### WORK TO BE COMPLETED
Leaving the images behind, copy every line of the records exactly.

★ ★ ★

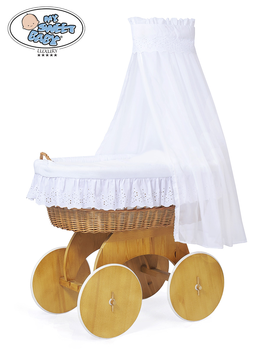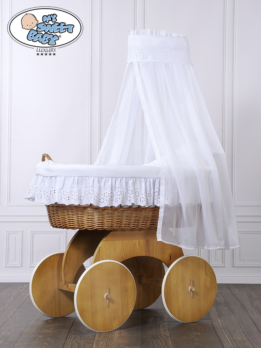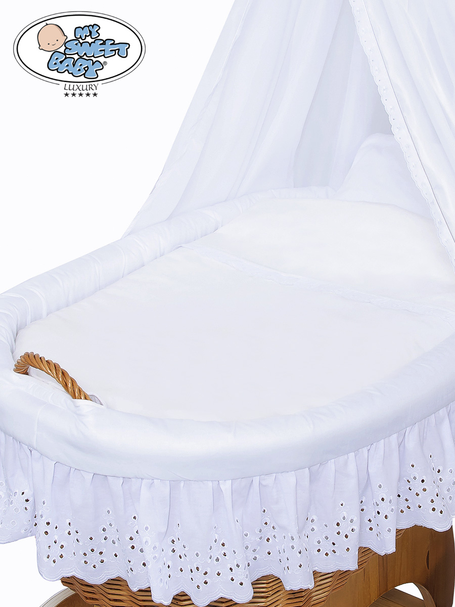 Baby Moses Basket on Wheels / Wicker drape crib Sophia White Bedding Set with White Embroidered Lace no 50202-912
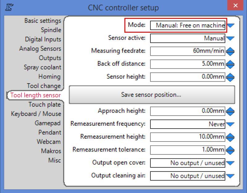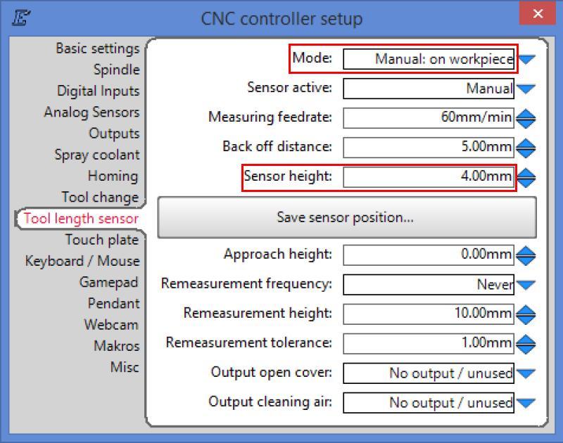 To setup the sensor go to Setup : CNC controller : Length sensor. I use a speed of 60mm/min for all automatic probing functions. Back off distance can be whatever you want. V12 has additional options, Mode: 'Manual: Free on machine' (sensor on bed or material) works the same as v11. Using the optional v12 'Sensor active' options requires setting the input to length sensor. Sensor height should be 0. The settings fixed location option requires homing be enabled, but a fixed location at, or relative to, the project origin/0,0 point is also possible (Setup: CNC program : Texts : Tool change).
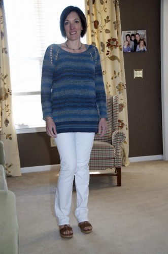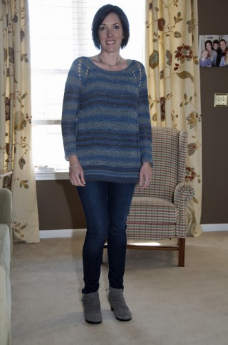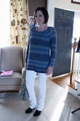 Before you give up on the sweater, may I suggest that you try it with a wide tan belt and pumps with the dark skinny jeans, also a much chunkier necklace. Instead of the pumps you could also do a cute pair of ballet flats. Also, how about an orange tank underneath instead of that grey to give it a bit of zing? Personally I don’t care for it with the white jeans, the blue/gray seems too wintery in contrast.
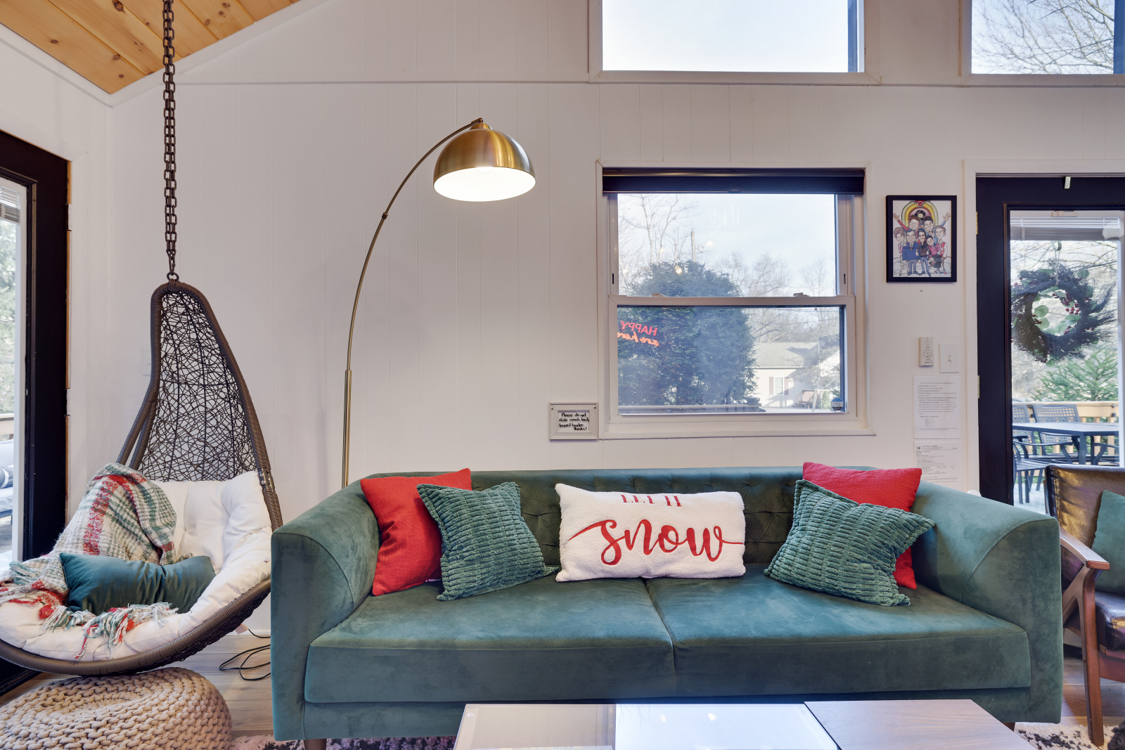 At 900sqft, this sweet little cabin feels quite expansive when you walk into the open kitchen, dining and living space. Completely renovated with a beautiful woodclad cathedral ceiling, floor to ceiling windows bringing in an abundance of natural light, a comfy emerald-green sofa, bright white kitchen, and a retro dining space, you won't know what to explore first. You will see our slogan on the family room wall "Happy days are here again!" This is what we stand for and will do everything we can to ensure that you indeed have a happy stay.
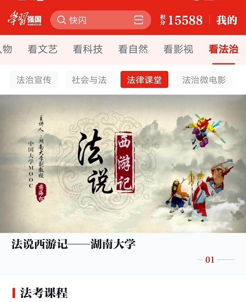 自主建设成功的首门mooc 慕课(大规模开放在线课程)《法说西游记》近日成功上线“学习强国”平台。
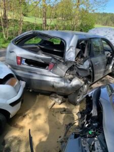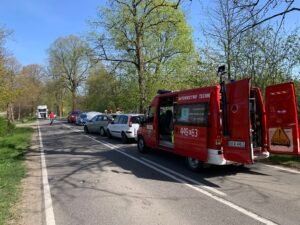 W poniedziałek, 28 kwietnia 2025 roku, o godzinie 14.51, strażacy zostali wezwani przez dyżurnego PSP w Kartuzach do kolizji czterech samochodów osobowych w miejscowości Karwacja (gmina Sierakowice).
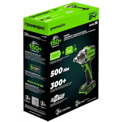 | Комплект поставки | Гайковерт ударный Greenworks IW5500; Поясная клипса + винт; 1 хАКБ 5Ач; 1 х Зарядное устройство; Руководство по эксплуатации; Гарантийный талон. |
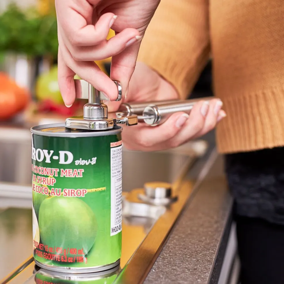 Geheel vervaardigd uit roestvrij staal. Opent blik soepel en gemakkelijk. Laat geen scherpe randen achter op deksel of blikrand en komt niet in contact met inhoud. Het deksel kan vervolgens opnieuw worden gebruikt voor opslag. Ergonomisch gevormde duimschroef voor soepel en moeiteloos draaien.
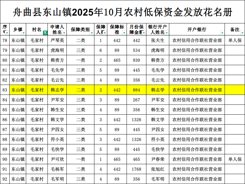 现将东山镇毛家村2025年10月农村低保资金发放花名册公示如下(详见附件)。
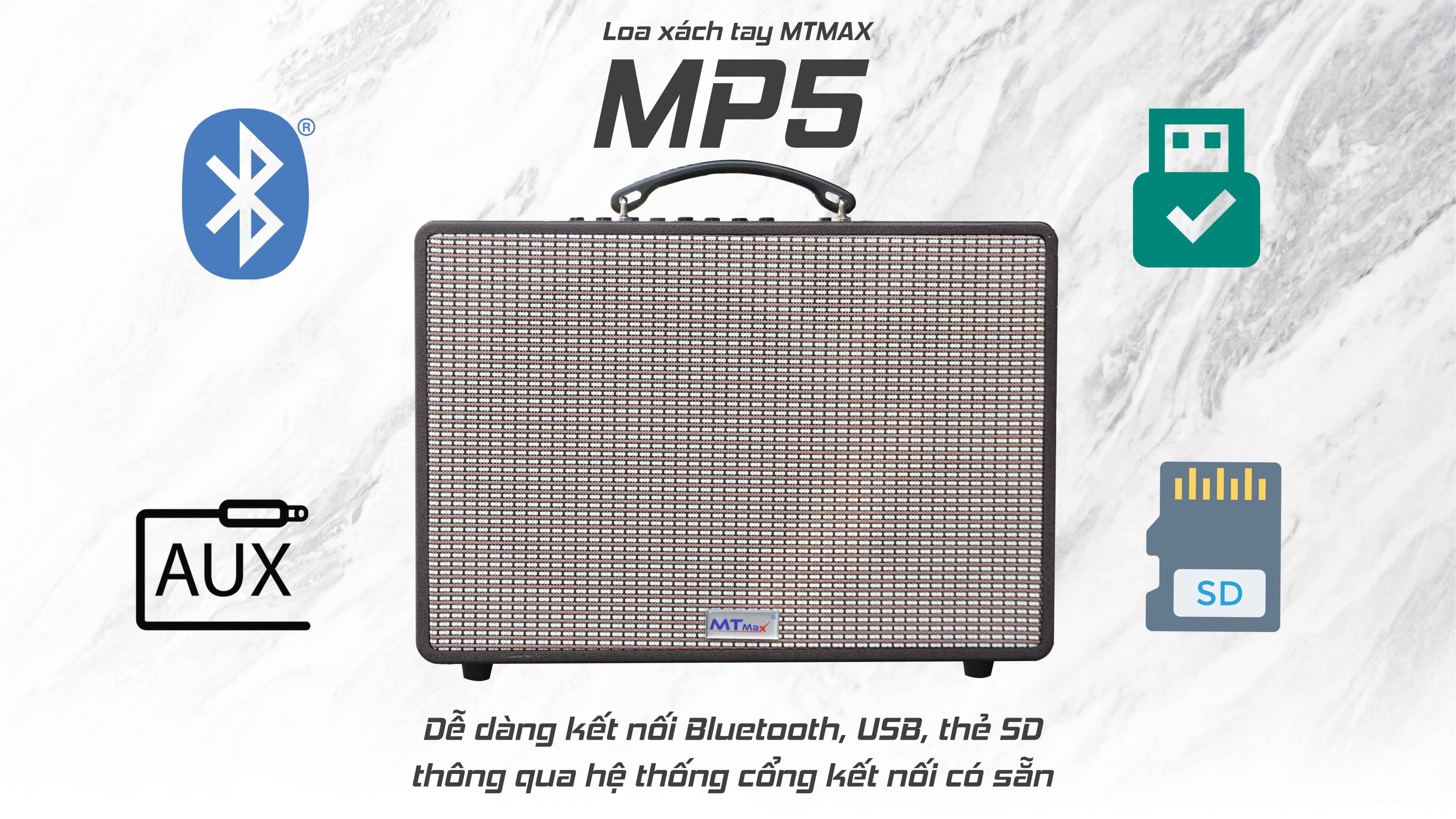 Loa kéo xách tay MTMAX MP5 du lịch ngoại hình sang trọng 3 đường tiếng đầy đủ Echo, Delay, Reverb tặng kèm 2 micro hàng chính hãng
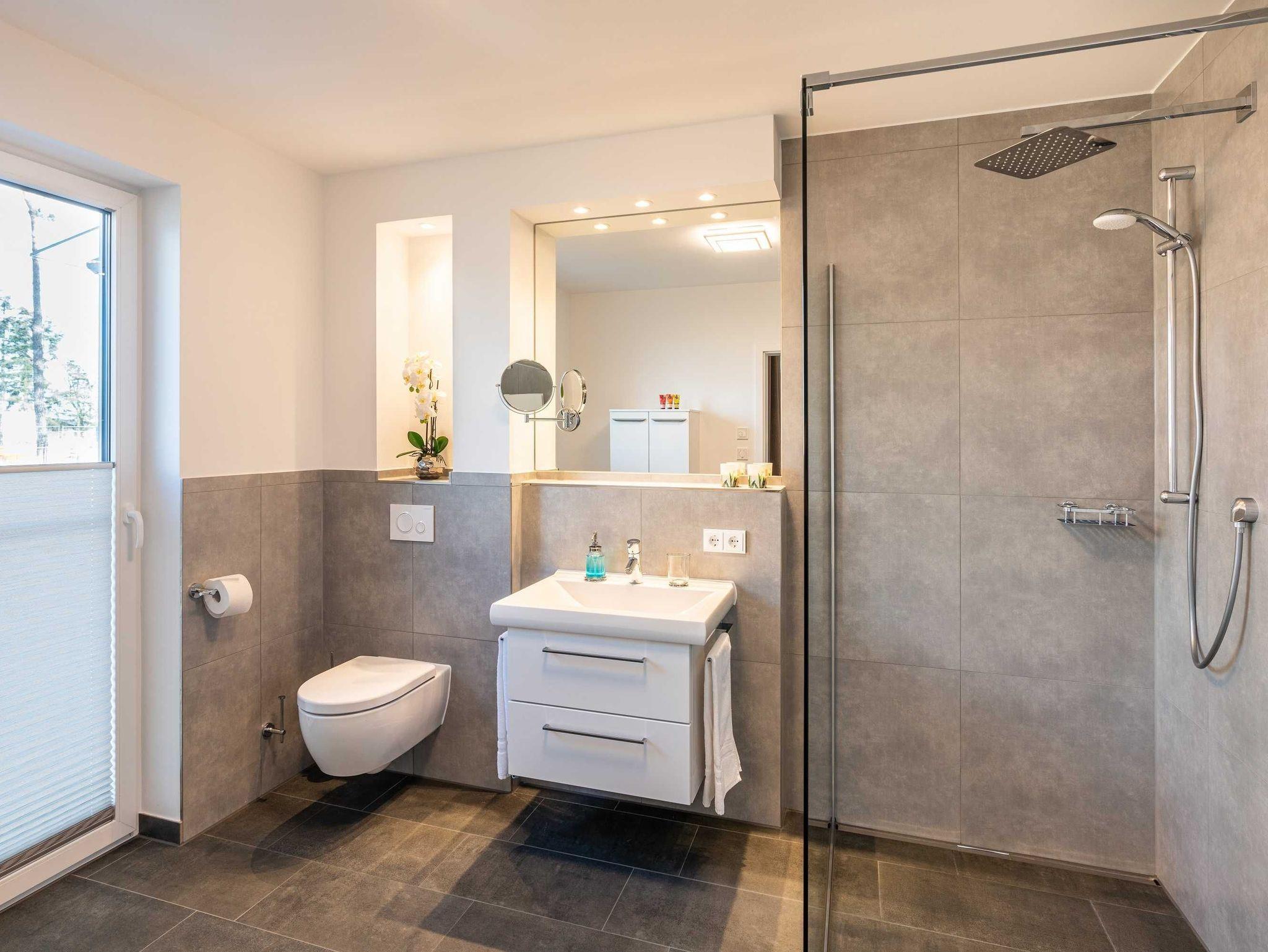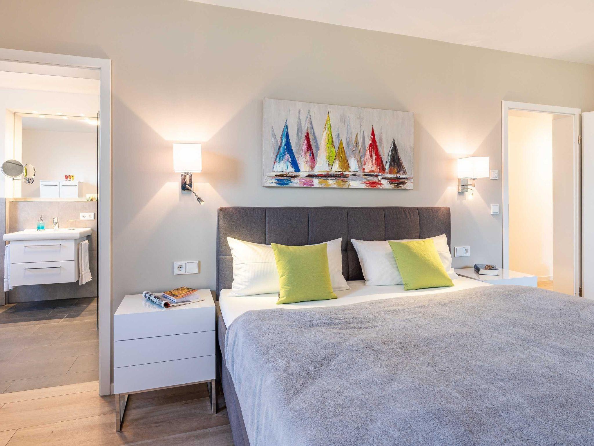 Diese luxuriöse 3-Zimmer-Wohnung im Erdgeschoss von Haus 6 mit Platz für maximal 4 Personen sowie einem Kleinkind bis 2 Jahre im Babybett verfügt über eine Wohnfläche von 101 m² und hat 2 Schlafzimmer sowie 2 voll ausgestattete Duschbäder. Die große Sonnenterrasse mit 21 m² liegt in idealer Süd-Ausrichtung. Die Wohnung ist modern eingerichtet mit offenem Wohn-Essbereich, großem Esstisch, Ledersofa sowie Smart-TV (inkl. Sky-Abo). Die hochwertig ausgestattete Küche, offen zum Wohnbereich, lässt keine Wünsche offen. Erholsamer Schlaf in den beiden Schlafzimmern mit Boxspringbetten und Smart-TV ist garantiert. Das Badezimmer en Suite ist mit einer begehbaren Dusche ausgestattet. Auf der großen, überdachten Sonnenterrasse mit Essgruppe und jeweils zwei Relax-Sesseln, Fußhockern, Sonnenschirm und Sonnenliegen können Sie die Seele baumeln lassen.
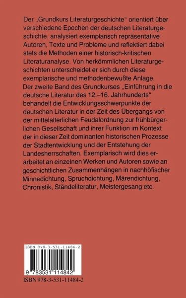 Aus dem Inhalt: Minnesang im späteren 13. Jahrhundert / Politische Spruchdichtung im 13. Jahrhundert / Oswald von Wolkenstein / Rudolf von Ems / Konrad von Würzburg / Märendichtung / Ständelehre und Ständekritik / Jans Enikel und die Weltchronistik im späteren Mittelalter / Johannes von Tepl: Der Ackermann aus Böhmen / Das geistliche Schauspiel.
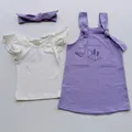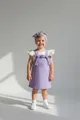 Vestido lilás para menina com alças largas e laços na frente. Possui delicado bordado de ramos de lavanda e tecido texturizado, macio e confortável para o dia a dia. Ideal para festas, festinhas ou passeios, mantendo estilo e conforto. Acompanha faixa de cabeça combinando para um look completo e charmosa apresentação. Costuras reforçadas; fácil de lavar.
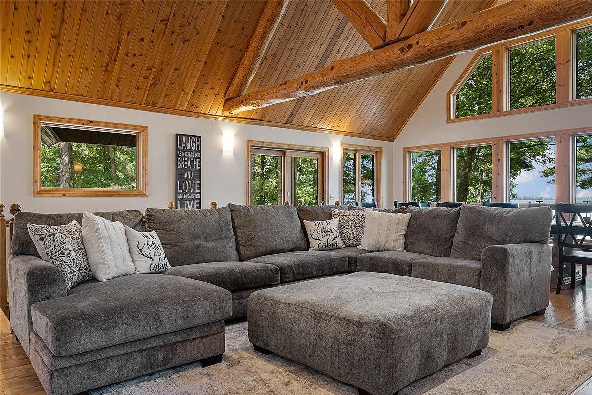 A spacious and inviting living room with a soaring cathedral ceiling finished in warm tongue-and-groove wood that contrasts beautifully with crisp white walls. Large windows bring in an abundance of natural light and offer serene views of the surrounding trees, creating a seamless blend of indoor comfort and outdoor beauty. The plush gray sectional provides ample, family-friendly seating around a massive matching ottoman, ideal for gatherings or relaxation. Accented with patterned and texturized pillows, the cozy furniture sits on a neutral area rug. Wooden trim and exposed beams add rustic charm, while inspirational wall art enhances the welcoming, lived-in atmosphere.
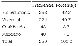 En la Tabla 3 el lector puede comprobar que, en la investigación citada que nos sirve de apoyo para exponer resultados, casi la mitad de las noticias dedicadas a relatar el acontecer de riesgos y catástrofes (43.3%) no incluyen ningún tipo de testimonio y, casi en la misma proporción (40.7%), se incorporan testimonios vivenciales, es decir, conexiones en las que los testigos presenciales o supervivientes tienen la oportunidad de comentar sus propias experiencias. Es casi insignificante (8.7%) la proporción de noticias que incorporan testimonios de personas expertas para abordar la información con una fuente mucho más cualificada. La ausencia de los testimonios cualificados es una de las claves de las noticias sobre el acontecer de riesgos y de catástrofes en tanto que la información periodística de catástrofes se suele abordar con datos de carácter catastrofista.
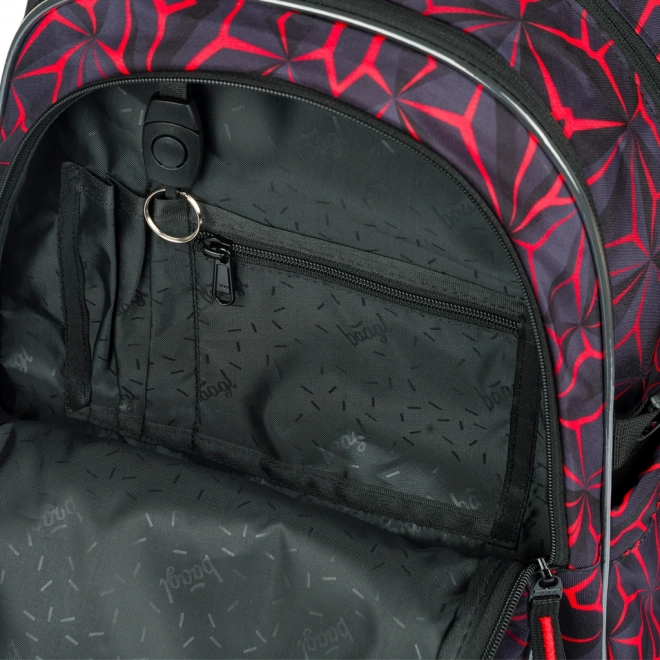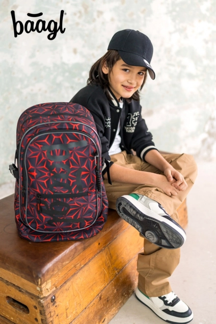 Stijlvolle en functionele schoolrugzak Baagl Core Red Polygon met ergonomisch gevormde rug, drie ruime vakken met organizer en een vak voor een 15" laptop. Dankzij het lage gewicht van 900 g, inhoud van 25 l en reflecterende elementen is hij ideaal voor dagelijks gebruik naar school. Gemaakt van sterk, waterafstotend gerecycled materiaal, met betrouwbare YKK-ritsen en praktische zijvakken.
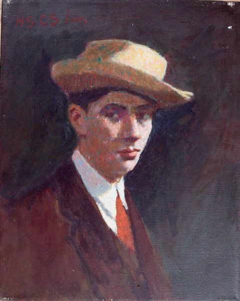 Editor: So, this is Denman Waldo Ross's "Portrait of a Young Man in Red Tie," its dimensions are 35.6 x 25.4 cm. It looks like an oil painting, very straightforward. What do you see here? Curator: I see a study in representation. Ross was deeply involved in the Arts and Crafts movement, which critiqued industrialization. What does it mean to portray this young man, likely of a certain class, during a period of intense social change? The red tie, is it a statement? Editor: A statement of rebellion, maybe? Or just fashion? Curator: Perhaps both. Ross's interest in color theory adds another layer. Red can symbolize power, passion, or even anger. How does this contrast with the somber tones and the subject's averted gaze? Editor: I hadn't thought of it in terms of class and social critique. Curator: Art never exists in a vacuum. Considering the societal context allows us to understand the work beyond its surface. Editor: I learned a new perspective today. Thanks!

★ ★ ★

### REPLY TO THE TASK
 Baby Moses Basket on Wheels / Wicker drape crib Sophia White Bedding Set with White Embroidered Lace no 50202-912
 To setup the sensor go to Setup : CNC controller : Length sensor. I use a speed of 60mm/min for all automatic probing functions. Back off distance can be whatever you want. V12 has additional options, Mode: 'Manual: Free on machine' (sensor on bed or material) works the same as v11. Using the optional v12 'Sensor active' options requires setting the input to length sensor. Sensor height should be 0. The settings fixed location option requires homing be enabled, but a fixed location at, or relative to, the project origin/0,0 point is also possible (Setup: CNC program : Texts : Tool change).
 Before you give up on the sweater, may I suggest that you try it with a wide tan belt and pumps with the dark skinny jeans, also a much chunkier necklace. Instead of the pumps you could also do a cute pair of ballet flats. Also, how about an orange tank underneath instead of that grey to give it a bit of zing? Personally I don’t care for it with the white jeans, the blue/gray seems too wintery in contrast.
 At 900sqft, this sweet little cabin feels quite expansive when you walk into the open kitchen, dining and living space. Completely renovated with a beautiful woodclad cathedral ceiling, floor to ceiling windows bringing in an abundance of natural light, a comfy emerald-green sofa, bright white kitchen, and a retro dining space, you won't know what to explore first. You will see our slogan on the family room wall "Happy days are here again!" This is what we stand for and will do everything we can to ensure that you indeed have a happy stay.
 自主建设成功的首门mooc 慕课(大规模开放在线课程)《法说西游记》近日成功上线“学习强国”平台。
 W poniedziałek, 28 kwietnia 2025 roku, o godzinie 14.51, strażacy zostali wezwani przez dyżurnego PSP w Kartuzach do kolizji czterech samochodów osobowych w miejscowości Karwacja (gmina Sierakowice).
 | Комплект поставки | Гайковерт ударный Greenworks IW5500; Поясная клипса + винт; 1 хАКБ 5Ач; 1 х Зарядное устройство; Руководство по эксплуатации; Гарантийный талон. |
 Geheel vervaardigd uit roestvrij staal. Opent blik soepel en gemakkelijk. Laat geen scherpe randen achter op deksel of blikrand en komt niet in contact met inhoud. Het deksel kan vervolgens opnieuw worden gebruikt voor opslag. Ergonomisch gevormde duimschroef voor soepel en moeiteloos draaien.
 现将东山镇毛家村2025年10月农村低保资金发放花名册公示如下(详见附件)。
 Loa kéo xách tay MTMAX MP5 du lịch ngoại hình sang trọng 3 đường tiếng đầy đủ Echo, Delay, Reverb tặng kèm 2 micro hàng chính hãng
 Diese luxuriöse 3-Zimmer-Wohnung im Erdgeschoss von Haus 6 mit Platz für maximal 4 Personen sowie einem Kleinkind bis 2 Jahre im Babybett verfügt über eine Wohnfläche von 101 m² und hat 2 Schlafzimmer sowie 2 voll ausgestattete Duschbäder. Die große Sonnenterrasse mit 21 m² liegt in idealer Süd-Ausrichtung. Die Wohnung ist modern eingerichtet mit offenem Wohn-Essbereich, großem Esstisch, Ledersofa sowie Smart-TV (inkl. Sky-Abo). Die hochwertig ausgestattete Küche, offen zum Wohnbereich, lässt keine Wünsche offen. Erholsamer Schlaf in den beiden Schlafzimmern mit Boxspringbetten und Smart-TV ist garantiert. Das Badezimmer en Suite ist mit einer begehbaren Dusche ausgestattet. Auf der großen, überdachten Sonnenterrasse mit Essgruppe und jeweils zwei Relax-Sesseln, Fußhockern, Sonnenschirm und Sonnenliegen können Sie die Seele baumeln lassen.
 Aus dem Inhalt: Minnesang im späteren 13. Jahrhundert / Politische Spruchdichtung im 13. Jahrhundert / Oswald von Wolkenstein / Rudolf von Ems / Konrad von Würzburg / Märendichtung / Ständelehre und Ständekritik / Jans Enikel und die Weltchronistik im späteren Mittelalter / Johannes von Tepl: Der Ackermann aus Böhmen / Das geistliche Schauspiel.
 Vestido lilás para menina com alças largas e laços na frente. Possui delicado bordado de ramos de lavanda e tecido texturizado, macio e confortável para o dia a dia. Ideal para festas, festinhas ou passeios, mantendo estilo e conforto. Acompanha faixa de cabeça combinando para um look completo e charmosa apresentação. Costuras reforçadas; fácil de lavar.
 A spacious and inviting living room with a soaring cathedral ceiling finished in warm tongue-and-groove wood that contrasts beautifully with crisp white walls. Large windows bring in an abundance of natural light and offer serene views of the surrounding trees, creating a seamless blend of indoor comfort and outdoor beauty. The plush gray sectional provides ample, family-friendly seating around a massive matching ottoman, ideal for gatherings or relaxation. Accented with patterned and texturized pillows, the cozy furniture sits on a neutral area rug. Wooden trim and exposed beams add rustic charm, while inspirational wall art enhances the welcoming, lived-in atmosphere.
 En la Tabla 3 el lector puede comprobar que, en la investigación citada que nos sirve de apoyo para exponer resultados, casi la mitad de las noticias dedicadas a relatar el acontecer de riesgos y catástrofes (43.3%) no incluyen ningún tipo de testimonio y, casi en la misma proporción (40.7%), se incorporan testimonios vivenciales, es decir, conexiones en las que los testigos presenciales o supervivientes tienen la oportunidad de comentar sus propias experiencias. Es casi insignificante (8.7%) la proporción de noticias que incorporan testimonios de personas expertas para abordar la información con una fuente mucho más cualificada. La ausencia de los testimonios cualificados es una de las claves de las noticias sobre el acontecer de riesgos y de catástrofes en tanto que la información periodística de catástrofes se suele abordar con datos de carácter catastrofista.
 Stijlvolle en functionele schoolrugzak Baagl Core Red Polygon met ergonomisch gevormde rug, drie ruime vakken met organizer en een vak voor een 15" laptop. Dankzij het lage gewicht van 900 g, inhoud van 25 l en reflecterende elementen is hij ideaal voor dagelijks gebruik naar school. Gemaakt van sterk, waterafstotend gerecycled materiaal, met betrouwbare YKK-ritsen en praktische zijvakken.
 Editor: So, this is Denman Waldo Ross's "Portrait of a Young Man in Red Tie," its dimensions are 35.6 x 25.4 cm. It looks like an oil painting, very straightforward. What do you see here? Curator: I see a study in representation. Ross was deeply involved in the Arts and Crafts movement, which critiqued industrialization. What does it mean to portray this young man, likely of a certain class, during a period of intense social change? The red tie, is it a statement? Editor: A statement of rebellion, maybe? Or just fashion? Curator: Perhaps both. Ross's interest in color theory adds another layer. Red can symbolize power, passion, or even anger. How does this contrast with the somber tones and the subject's averted gaze? Editor: I hadn't thought of it in terms of class and social critique. Curator: Art never exists in a vacuum. Considering the societal context allows us to understand the work beyond its surface. Editor: I learned a new perspective today. Thanks!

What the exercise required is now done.